*WHAT THE TASK REQUIRES*: Leave every picture out and give back the lines below from the first through the line that holds "2024年7月6日,威尼斯登", exactly as written.

**** EXERCISE INPUT ****

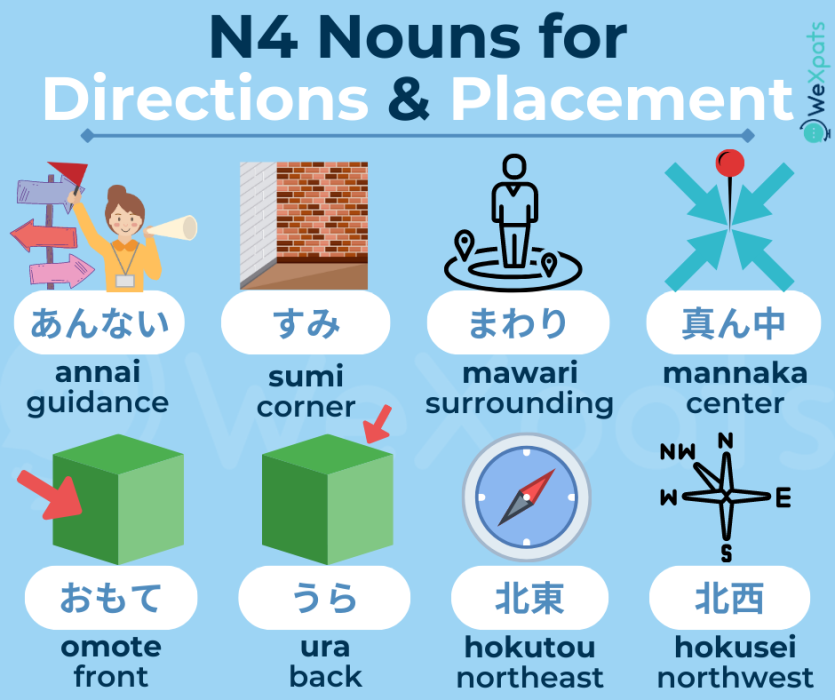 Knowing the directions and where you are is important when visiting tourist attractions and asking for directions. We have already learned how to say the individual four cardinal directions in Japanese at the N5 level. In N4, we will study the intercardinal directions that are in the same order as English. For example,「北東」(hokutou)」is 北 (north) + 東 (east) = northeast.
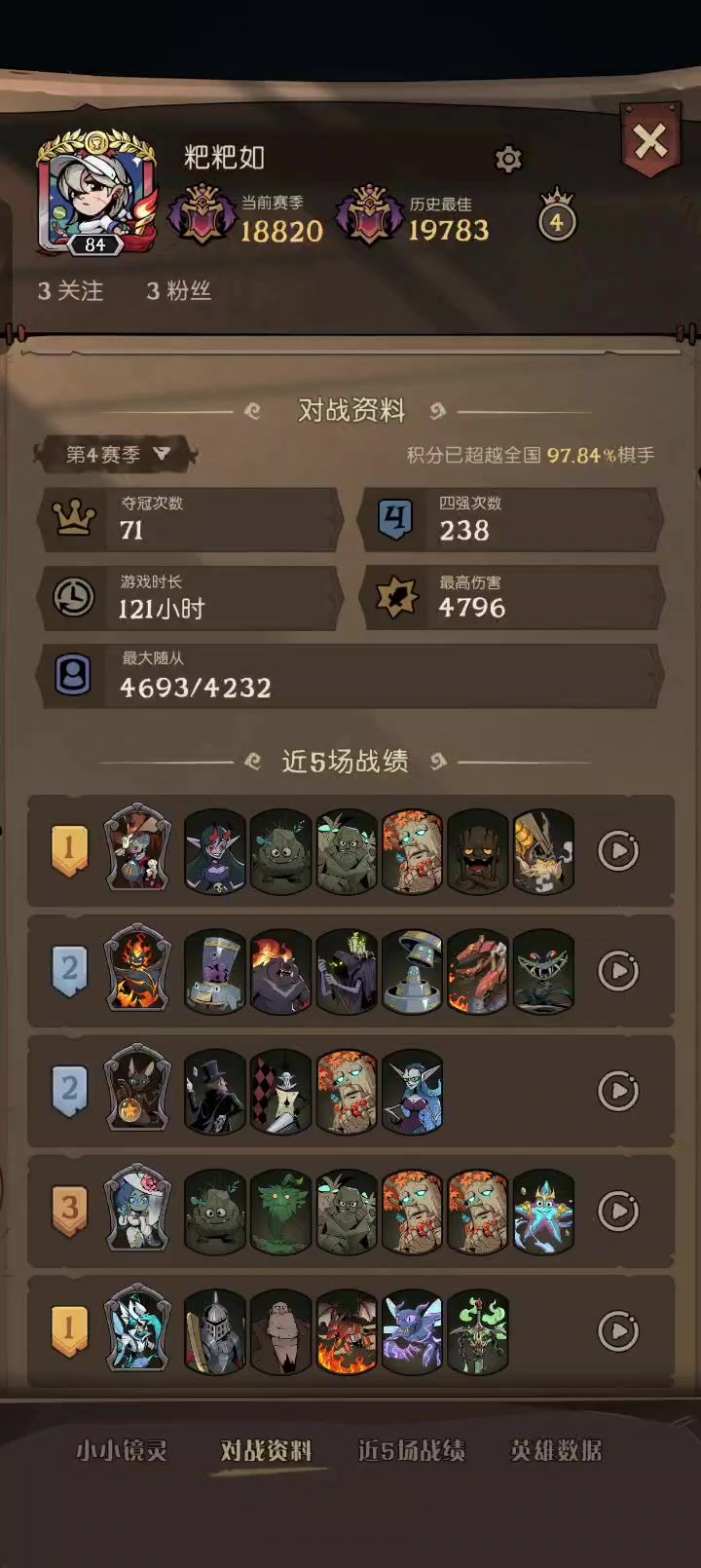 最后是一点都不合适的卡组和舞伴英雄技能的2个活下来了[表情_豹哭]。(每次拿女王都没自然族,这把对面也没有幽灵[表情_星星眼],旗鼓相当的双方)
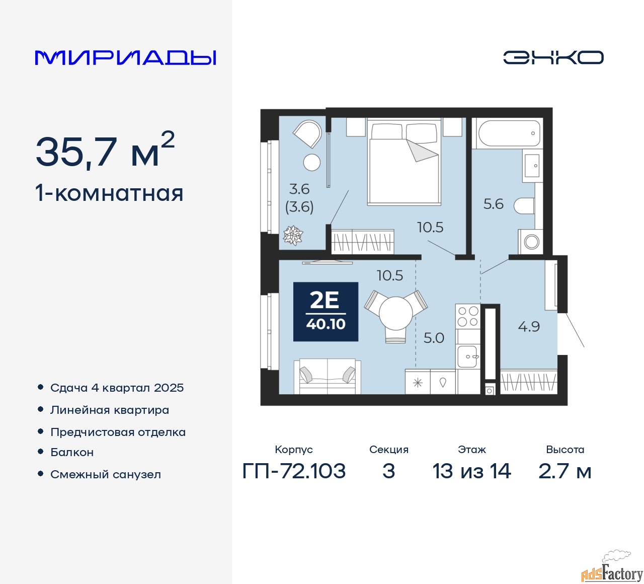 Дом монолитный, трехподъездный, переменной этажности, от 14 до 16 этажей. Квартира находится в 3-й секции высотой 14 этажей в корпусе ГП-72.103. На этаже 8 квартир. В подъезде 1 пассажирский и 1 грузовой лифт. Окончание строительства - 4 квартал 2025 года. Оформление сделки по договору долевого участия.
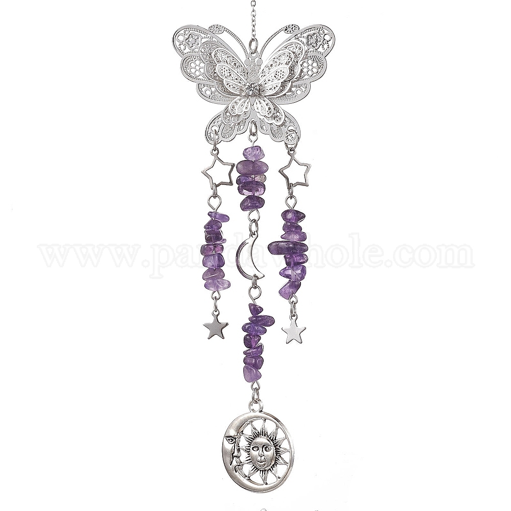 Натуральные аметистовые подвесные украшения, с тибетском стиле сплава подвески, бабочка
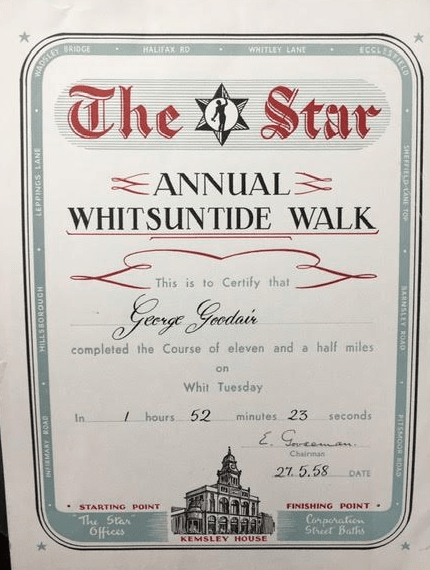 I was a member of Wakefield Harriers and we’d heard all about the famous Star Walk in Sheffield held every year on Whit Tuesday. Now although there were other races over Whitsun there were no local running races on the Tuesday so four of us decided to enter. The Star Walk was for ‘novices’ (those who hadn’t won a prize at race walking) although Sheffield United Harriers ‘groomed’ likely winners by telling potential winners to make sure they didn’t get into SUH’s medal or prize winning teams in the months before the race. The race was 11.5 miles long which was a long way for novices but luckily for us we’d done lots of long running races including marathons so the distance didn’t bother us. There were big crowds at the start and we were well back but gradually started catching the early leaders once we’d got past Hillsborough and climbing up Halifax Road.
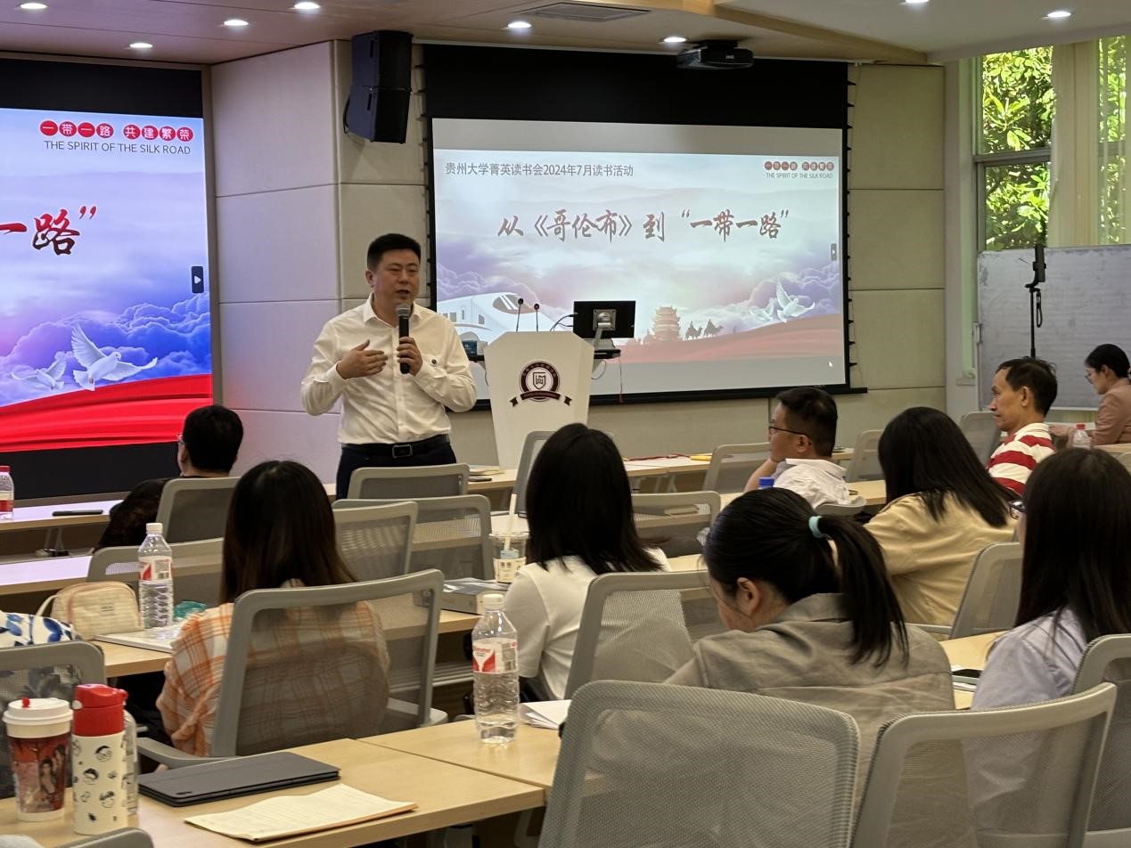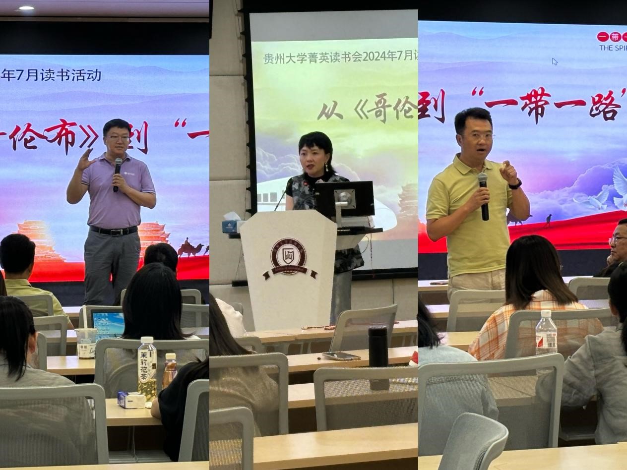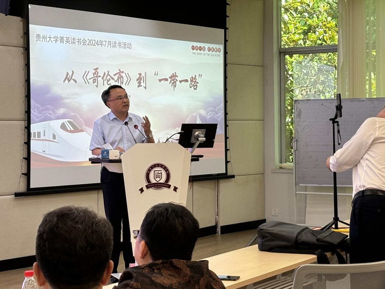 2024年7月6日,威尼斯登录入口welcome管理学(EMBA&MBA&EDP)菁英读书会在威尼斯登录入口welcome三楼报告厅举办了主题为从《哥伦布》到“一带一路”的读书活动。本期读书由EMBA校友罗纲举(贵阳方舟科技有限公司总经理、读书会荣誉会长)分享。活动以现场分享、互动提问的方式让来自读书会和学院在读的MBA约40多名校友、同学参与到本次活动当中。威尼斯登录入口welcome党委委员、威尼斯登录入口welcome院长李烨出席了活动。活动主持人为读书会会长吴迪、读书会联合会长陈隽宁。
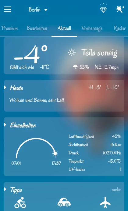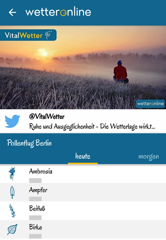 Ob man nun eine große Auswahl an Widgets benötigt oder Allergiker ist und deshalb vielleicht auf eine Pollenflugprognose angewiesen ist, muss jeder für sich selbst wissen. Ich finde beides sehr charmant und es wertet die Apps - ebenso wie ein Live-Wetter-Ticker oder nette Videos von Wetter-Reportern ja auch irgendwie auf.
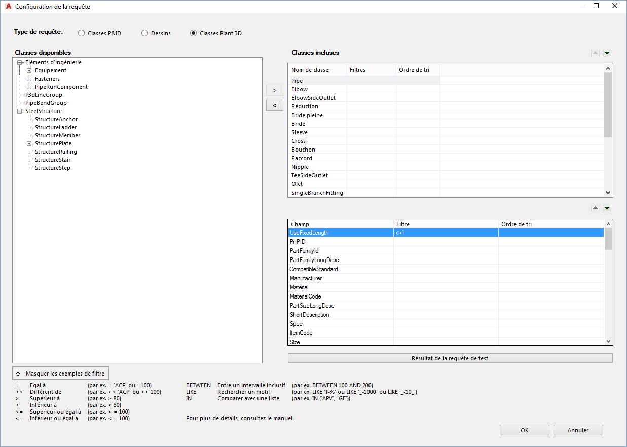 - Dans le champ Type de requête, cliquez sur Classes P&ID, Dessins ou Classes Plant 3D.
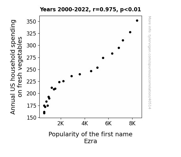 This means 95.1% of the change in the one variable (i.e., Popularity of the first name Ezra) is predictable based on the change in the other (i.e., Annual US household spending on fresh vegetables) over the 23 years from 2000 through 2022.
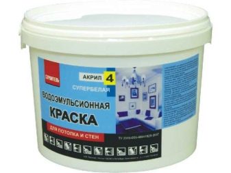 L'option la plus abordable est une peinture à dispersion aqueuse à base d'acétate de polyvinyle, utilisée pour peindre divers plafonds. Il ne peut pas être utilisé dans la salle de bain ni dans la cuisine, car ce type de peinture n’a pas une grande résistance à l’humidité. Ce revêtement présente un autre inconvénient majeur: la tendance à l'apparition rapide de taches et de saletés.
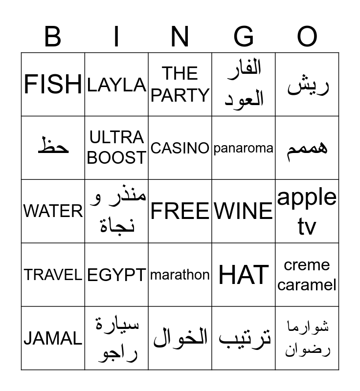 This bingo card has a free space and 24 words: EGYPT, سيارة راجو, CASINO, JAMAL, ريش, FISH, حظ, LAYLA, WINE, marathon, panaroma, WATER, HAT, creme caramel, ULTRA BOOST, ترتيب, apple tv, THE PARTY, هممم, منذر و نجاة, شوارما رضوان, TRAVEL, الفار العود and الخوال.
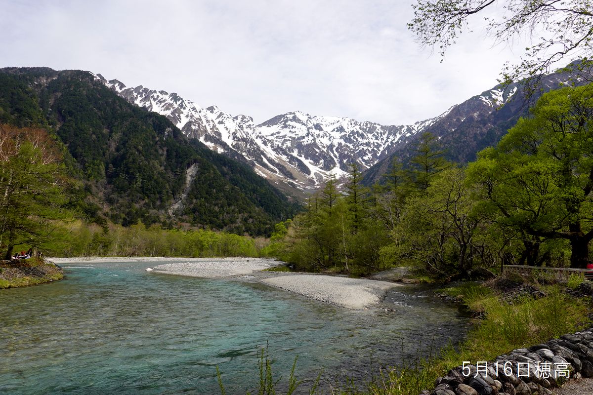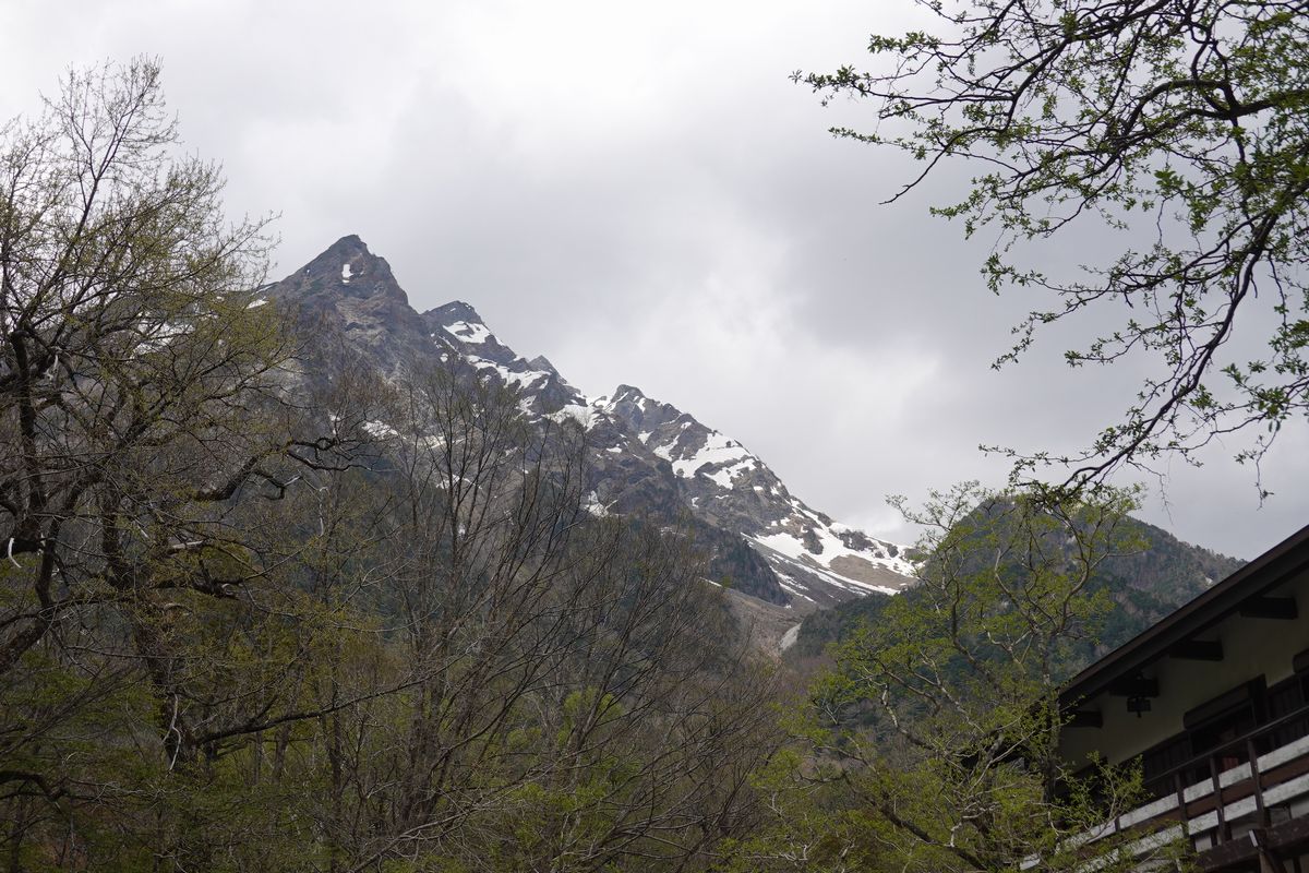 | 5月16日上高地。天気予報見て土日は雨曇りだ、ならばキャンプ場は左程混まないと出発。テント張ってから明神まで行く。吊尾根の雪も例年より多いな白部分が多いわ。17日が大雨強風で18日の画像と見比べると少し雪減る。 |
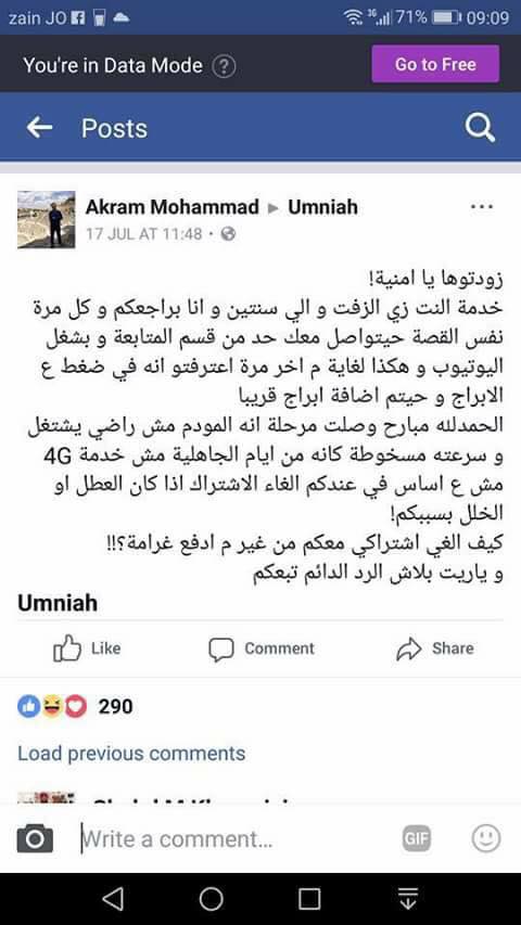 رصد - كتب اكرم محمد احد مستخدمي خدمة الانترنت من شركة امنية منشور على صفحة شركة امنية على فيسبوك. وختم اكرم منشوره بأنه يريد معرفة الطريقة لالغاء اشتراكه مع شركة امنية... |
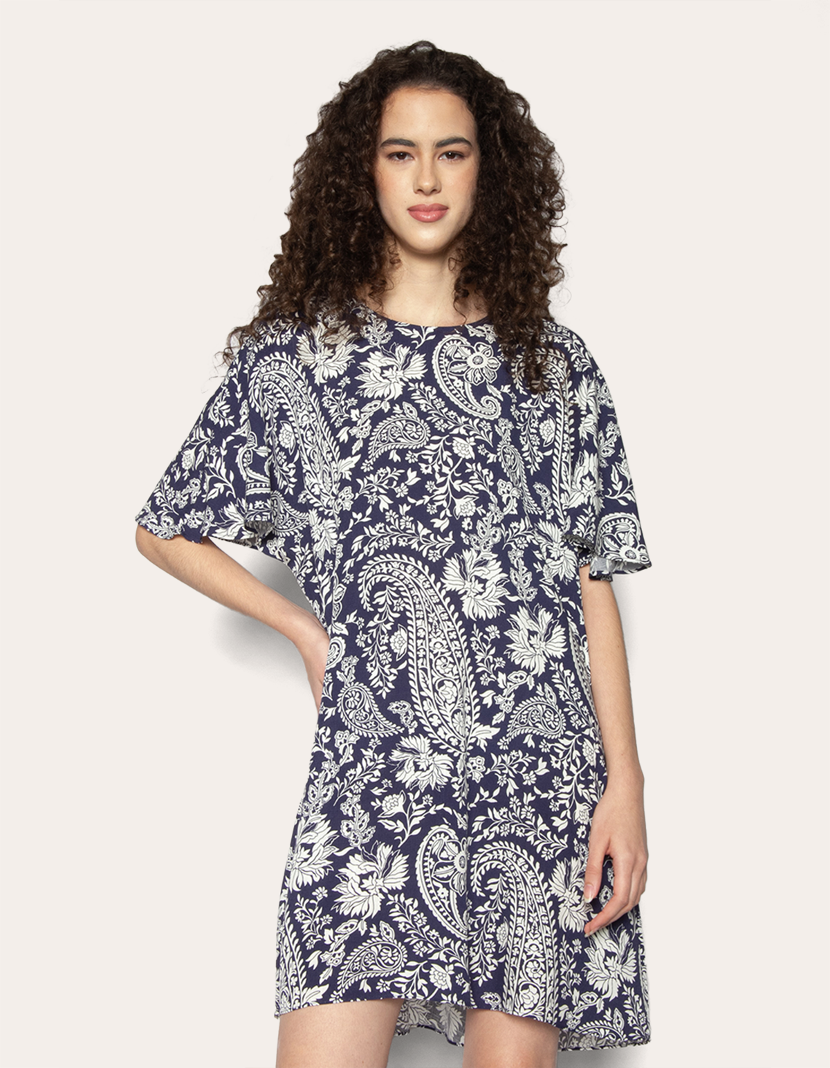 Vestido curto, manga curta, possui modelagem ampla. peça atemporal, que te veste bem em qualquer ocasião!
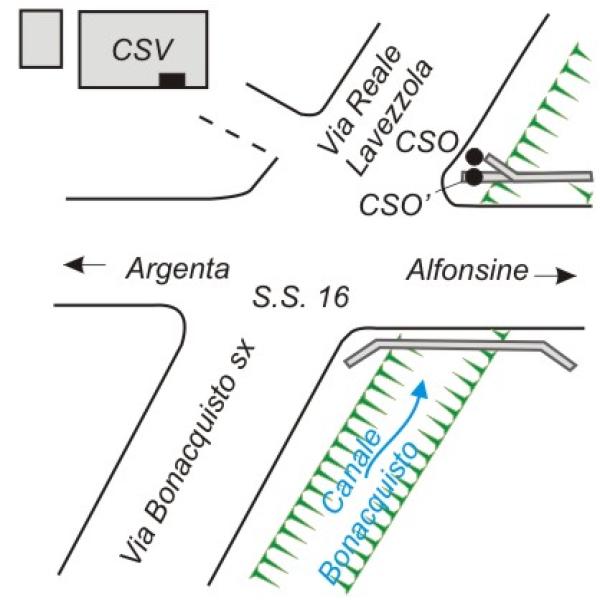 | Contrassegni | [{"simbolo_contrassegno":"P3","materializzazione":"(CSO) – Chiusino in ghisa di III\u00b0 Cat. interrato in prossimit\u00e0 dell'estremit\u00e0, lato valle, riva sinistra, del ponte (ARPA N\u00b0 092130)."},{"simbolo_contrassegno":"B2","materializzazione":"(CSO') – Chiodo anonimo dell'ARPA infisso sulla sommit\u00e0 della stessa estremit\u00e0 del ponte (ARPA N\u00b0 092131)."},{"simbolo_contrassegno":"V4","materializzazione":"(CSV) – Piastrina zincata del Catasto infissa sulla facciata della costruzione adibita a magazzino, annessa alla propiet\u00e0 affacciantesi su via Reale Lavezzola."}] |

****

*OUTPUT FOR THIS TASK*:
 Knowing the directions and where you are is important when visiting tourist attractions and asking for directions. We have already learned how to say the individual four cardinal directions in Japanese at the N5 level. In N4, we will study the intercardinal directions that are in the same order as English. For example,「北東」(hokutou)」is 北 (north) + 東 (east) = northeast.
 最后是一点都不合适的卡组和舞伴英雄技能的2个活下来了[表情_豹哭]。(每次拿女王都没自然族,这把对面也没有幽灵[表情_星星眼],旗鼓相当的双方)
 Дом монолитный, трехподъездный, переменной этажности, от 14 до 16 этажей. Квартира находится в 3-й секции высотой 14 этажей в корпусе ГП-72.103. На этаже 8 квартир. В подъезде 1 пассажирский и 1 грузовой лифт. Окончание строительства - 4 квартал 2025 года. Оформление сделки по договору долевого участия.
 Натуральные аметистовые подвесные украшения, с тибетском стиле сплава подвески, бабочка
 I was a member of Wakefield Harriers and we’d heard all about the famous Star Walk in Sheffield held every year on Whit Tuesday. Now although there were other races over Whitsun there were no local running races on the Tuesday so four of us decided to enter. The Star Walk was for ‘novices’ (those who hadn’t won a prize at race walking) although Sheffield United Harriers ‘groomed’ likely winners by telling potential winners to make sure they didn’t get into SUH’s medal or prize winning teams in the months before the race. The race was 11.5 miles long which was a long way for novices but luckily for us we’d done lots of long running races including marathons so the distance didn’t bother us. There were big crowds at the start and we were well back but gradually started catching the early leaders once we’d got past Hillsborough and climbing up Halifax Road.
 2024年7月6日,威尼斯登录入口welcome管理学(EMBA&MBA&EDP)菁英读书会在威尼斯登录入口welcome三楼报告厅举办了主题为从《哥伦布》到“一带一路”的读书活动。本期读书由EMBA校友罗纲举(贵阳方舟科技有限公司总经理、读书会荣誉会长)分享。活动以现场分享、互动提问的方式让来自读书会和学院在读的MBA约40多名校友、同学参与到本次活动当中。威尼斯登录入口welcome党委委员、威尼斯登录入口welcome院长李烨出席了活动。活动主持人为读书会会长吴迪、读书会联合会长陈隽宁。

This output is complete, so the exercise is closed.